**Directions**. Transcribe exactly the lines from the one containing "de vatandaşa soruldu." through the end of the data, both included. Leave out pictures.

Input data Start Marker

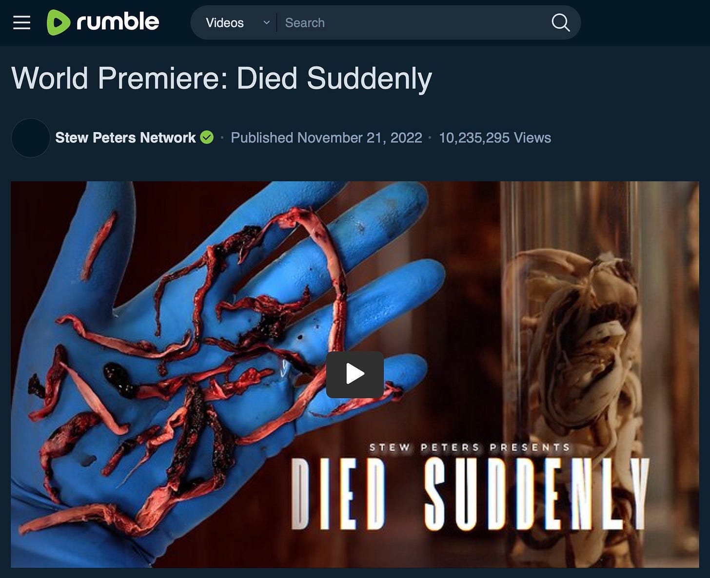Research Videos Died Suddenly Documentary by Stew Peters Mike WersznerNov 30, 2022ShareWhoever you are, whatever your beliefs - please watch this documentary. Official website: source: https://diedsuddenly.info | Stew Peters Network Rumble: source: Rumble | Stew Peters Network
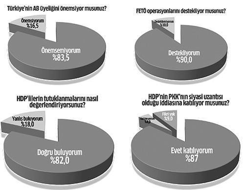 Yine katılımcılara "Kamuoyunda HDP'nin PKK terör örgütünün siyasi uzantısı olduğu ifade edilmektedir. Siz bu ifadeye katılıyor musunuz" sorusu yöneltildi. Halkın yüzde 87'si 'evet katılıyorum' derken, 'hayır' diyenlerin oranı yüzde 4, fikir belirtmeyen ise yüzde 9 oranını oluşturdu. Son günlerde FETÖ, Cumhuriyet gazetesi ve HDP'lilerin tutuklanmasıyla ilgili gerilen AB ile ilişkiler de vatandaşa soruldu.
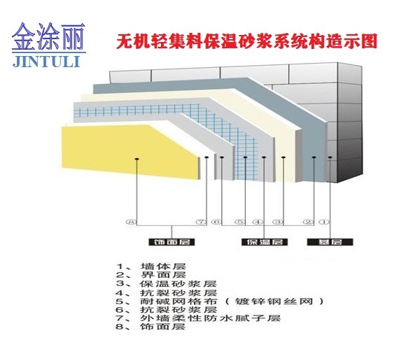 “金涂麗”無機輕集料保溫砂漿是一種新型保溫隔熱材料,是以玻化微珠為主要骨料、水泥、膠粉、硅粉、海泡石、植物纖維等配料經(jīng)無重力混合機混配而成,具有強度高、質(zhì)輕、保溫、隔熱好、電絕緣性能好、耐磨、耐腐蝕、防輻射等顯著特點耐高溫、耐老化、吸水率小等優(yōu)點。是做建筑內(nèi)外墻體保溫砂漿中的主要原料!本產(chǎn)品嚴格執(zhí)行公安部消防(2011)65號文件強指導(dǎo)生產(chǎn)。防火等級A1級。具有極好、優(yōu)異的墻體保溫隔熱防火效果。具有抗裂,其抗壓、粘結(jié)強度極高。本產(chǎn)品克服了聚苯顆粒等有機材料易燃、高溫時產(chǎn)生有害氣體、易老化。具有防火、保溫、隔熱性能、強度高、耐老化(可與建筑物同壽命)、操作方便等特點。
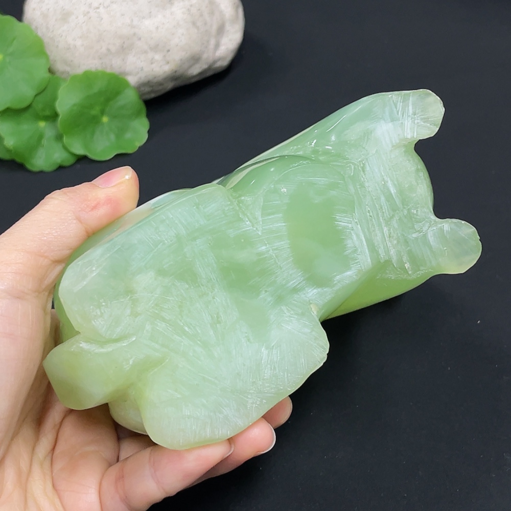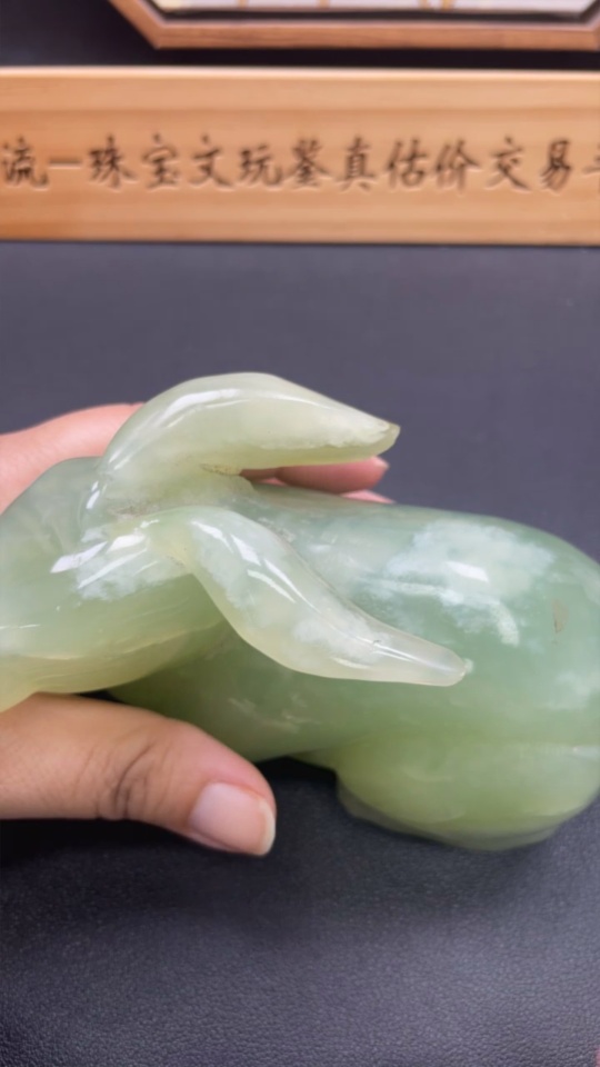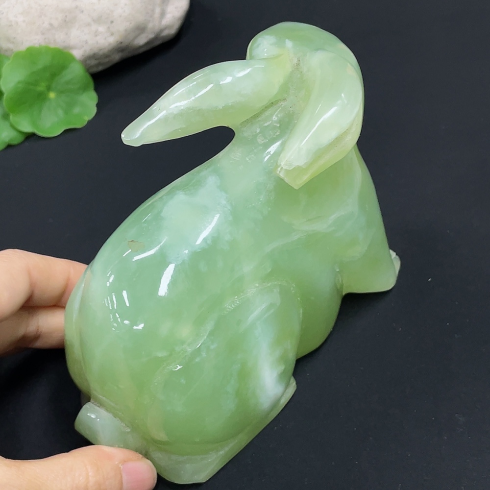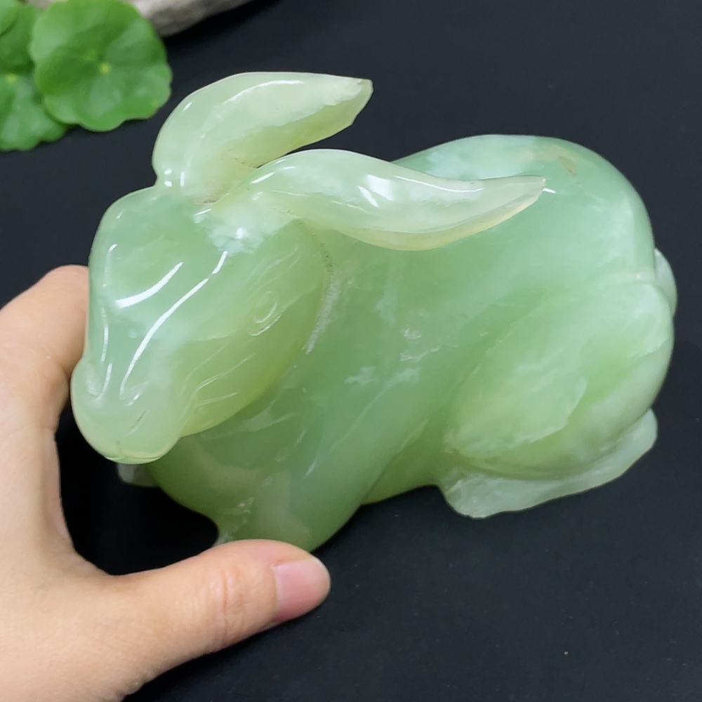 Xiuyu (serpentine jade) ornament rabbit total weight about 930g damaged

Input data End Marker

**Solution to the problem**.
 Yine katılımcılara "Kamuoyunda HDP'nin PKK terör örgütünün siyasi uzantısı olduğu ifade edilmektedir. Siz bu ifadeye katılıyor musunuz" sorusu yöneltildi. Halkın yüzde 87'si 'evet katılıyorum' derken, 'hayır' diyenlerin oranı yüzde 4, fikir belirtmeyen ise yüzde 9 oranını oluşturdu. Son günlerde FETÖ, Cumhuriyet gazetesi ve HDP'lilerin tutuklanmasıyla ilgili gerilen AB ile ilişkiler de vatandaşa soruldu.
 “金涂麗”無機輕集料保溫砂漿是一種新型保溫隔熱材料,是以玻化微珠為主要骨料、水泥、膠粉、硅粉、海泡石、植物纖維等配料經(jīng)無重力混合機混配而成,具有強度高、質(zhì)輕、保溫、隔熱好、電絕緣性能好、耐磨、耐腐蝕、防輻射等顯著特點耐高溫、耐老化、吸水率小等優(yōu)點。是做建筑內(nèi)外墻體保溫砂漿中的主要原料!本產(chǎn)品嚴格執(zhí)行公安部消防(2011)65號文件強指導(dǎo)生產(chǎn)。防火等級A1級。具有極好、優(yōu)異的墻體保溫隔熱防火效果。具有抗裂,其抗壓、粘結(jié)強度極高。本產(chǎn)品克服了聚苯顆粒等有機材料易燃、高溫時產(chǎn)生有害氣體、易老化。具有防火、保溫、隔熱性能、強度高、耐老化(可與建筑物同壽命)、操作方便等特點。
 Xiuyu (serpentine jade) ornament rabbit total weight about 930g damaged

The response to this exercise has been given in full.